# Crash Recovery

## What does the full cluster crash mean?

A full cluster crash is a situation when all database instances where
shut down in random order. Being rebooted after such situation, Pod is
continuously restarting, and generates the following errors in the log:

```default
It may not be safe to bootstrap the cluster from this node. It was not the last one to leave the cluster and may not contain all the updates.
To force cluster bootstrap with this node, edit the grastate.dat file manually and set safe_to_bootstrap to 1
```

!!! note

    To avoid this, shutdown your cluster correctly
    as it is written in [Pause/resume Percona XtraDB Cluster](pause.md).

The Percona Operator for MySQL based on Percona XtraDB Cluster provides two ways of recovery
after a full cluster crash.

The Operator is providing automatic crash recovery (by default) and semi-automatic
recovery starting from the version `1.7`. For the previous Operator versions,
crash recovery can be done
manually.

## Automatic Crash Recovery

Crash recovery can be done automatically.
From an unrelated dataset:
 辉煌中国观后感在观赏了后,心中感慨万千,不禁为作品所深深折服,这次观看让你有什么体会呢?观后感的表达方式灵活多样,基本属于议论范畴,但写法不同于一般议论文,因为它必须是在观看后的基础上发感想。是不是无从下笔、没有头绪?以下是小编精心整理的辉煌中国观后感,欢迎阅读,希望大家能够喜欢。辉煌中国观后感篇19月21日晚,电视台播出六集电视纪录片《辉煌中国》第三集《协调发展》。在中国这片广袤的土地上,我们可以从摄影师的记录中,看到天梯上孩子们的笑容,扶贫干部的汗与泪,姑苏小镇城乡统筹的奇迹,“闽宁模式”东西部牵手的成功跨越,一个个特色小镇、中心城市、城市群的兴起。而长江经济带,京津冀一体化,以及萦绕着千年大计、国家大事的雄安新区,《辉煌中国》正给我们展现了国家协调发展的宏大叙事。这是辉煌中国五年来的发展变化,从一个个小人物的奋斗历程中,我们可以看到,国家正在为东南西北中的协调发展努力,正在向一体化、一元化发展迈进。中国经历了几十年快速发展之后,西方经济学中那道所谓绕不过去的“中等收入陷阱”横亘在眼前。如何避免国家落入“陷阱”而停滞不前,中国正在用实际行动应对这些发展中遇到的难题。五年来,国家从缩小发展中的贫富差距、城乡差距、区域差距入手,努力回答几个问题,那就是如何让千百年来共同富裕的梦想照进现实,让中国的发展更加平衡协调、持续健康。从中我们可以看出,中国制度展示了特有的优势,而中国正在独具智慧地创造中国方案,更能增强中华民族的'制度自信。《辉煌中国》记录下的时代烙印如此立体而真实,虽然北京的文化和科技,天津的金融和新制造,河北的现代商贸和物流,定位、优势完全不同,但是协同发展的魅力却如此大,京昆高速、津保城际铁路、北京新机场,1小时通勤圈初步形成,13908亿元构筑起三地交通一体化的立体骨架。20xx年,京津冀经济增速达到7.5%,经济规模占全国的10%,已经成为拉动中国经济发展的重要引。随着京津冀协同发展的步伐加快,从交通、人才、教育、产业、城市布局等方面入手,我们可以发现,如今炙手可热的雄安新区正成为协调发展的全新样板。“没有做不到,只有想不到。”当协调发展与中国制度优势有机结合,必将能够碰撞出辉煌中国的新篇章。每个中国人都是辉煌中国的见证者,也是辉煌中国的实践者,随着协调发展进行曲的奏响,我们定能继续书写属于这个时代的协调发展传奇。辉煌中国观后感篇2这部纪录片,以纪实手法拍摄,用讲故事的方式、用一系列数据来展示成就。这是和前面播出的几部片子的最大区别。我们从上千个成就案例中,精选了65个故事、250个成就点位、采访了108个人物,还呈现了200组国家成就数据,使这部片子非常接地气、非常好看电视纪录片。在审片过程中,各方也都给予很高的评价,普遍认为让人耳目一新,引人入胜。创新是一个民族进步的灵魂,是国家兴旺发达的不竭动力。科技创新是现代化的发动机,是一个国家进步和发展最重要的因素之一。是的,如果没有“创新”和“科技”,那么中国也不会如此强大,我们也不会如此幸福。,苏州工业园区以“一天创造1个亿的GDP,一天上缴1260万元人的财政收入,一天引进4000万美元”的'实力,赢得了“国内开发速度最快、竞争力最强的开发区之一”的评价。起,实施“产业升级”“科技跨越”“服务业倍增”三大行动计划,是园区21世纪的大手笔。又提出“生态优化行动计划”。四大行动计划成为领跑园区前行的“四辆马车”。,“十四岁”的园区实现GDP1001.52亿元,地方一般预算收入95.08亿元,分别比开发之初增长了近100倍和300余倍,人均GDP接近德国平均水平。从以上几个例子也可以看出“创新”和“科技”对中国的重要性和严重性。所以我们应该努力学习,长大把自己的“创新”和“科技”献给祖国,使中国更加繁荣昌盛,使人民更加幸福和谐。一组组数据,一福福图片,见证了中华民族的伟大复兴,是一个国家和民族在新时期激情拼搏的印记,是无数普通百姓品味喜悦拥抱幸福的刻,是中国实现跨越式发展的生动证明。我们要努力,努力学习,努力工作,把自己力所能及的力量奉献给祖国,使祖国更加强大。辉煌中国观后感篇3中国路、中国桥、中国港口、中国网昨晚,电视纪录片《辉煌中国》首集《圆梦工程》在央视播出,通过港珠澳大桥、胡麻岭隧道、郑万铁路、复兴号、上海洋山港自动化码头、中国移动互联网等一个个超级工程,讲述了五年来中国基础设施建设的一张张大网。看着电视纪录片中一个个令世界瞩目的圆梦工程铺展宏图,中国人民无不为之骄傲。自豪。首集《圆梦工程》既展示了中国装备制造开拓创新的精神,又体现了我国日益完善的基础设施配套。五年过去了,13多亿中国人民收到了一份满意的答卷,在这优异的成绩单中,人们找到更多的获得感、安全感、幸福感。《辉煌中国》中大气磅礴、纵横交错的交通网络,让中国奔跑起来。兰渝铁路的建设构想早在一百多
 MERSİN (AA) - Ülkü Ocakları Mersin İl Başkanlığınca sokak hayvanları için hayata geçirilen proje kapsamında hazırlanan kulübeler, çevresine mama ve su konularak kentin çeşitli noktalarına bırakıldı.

This behavior is controlled by the
`pxc.autoRecovery` option in the `deploy/cr.yaml` configuration file.

The default value for this option is `true`, which means that automatic
recovery is turned on.

If this option is set to `false`, automatic crash recovery is not done,
but semi-automatic recovery is still possible.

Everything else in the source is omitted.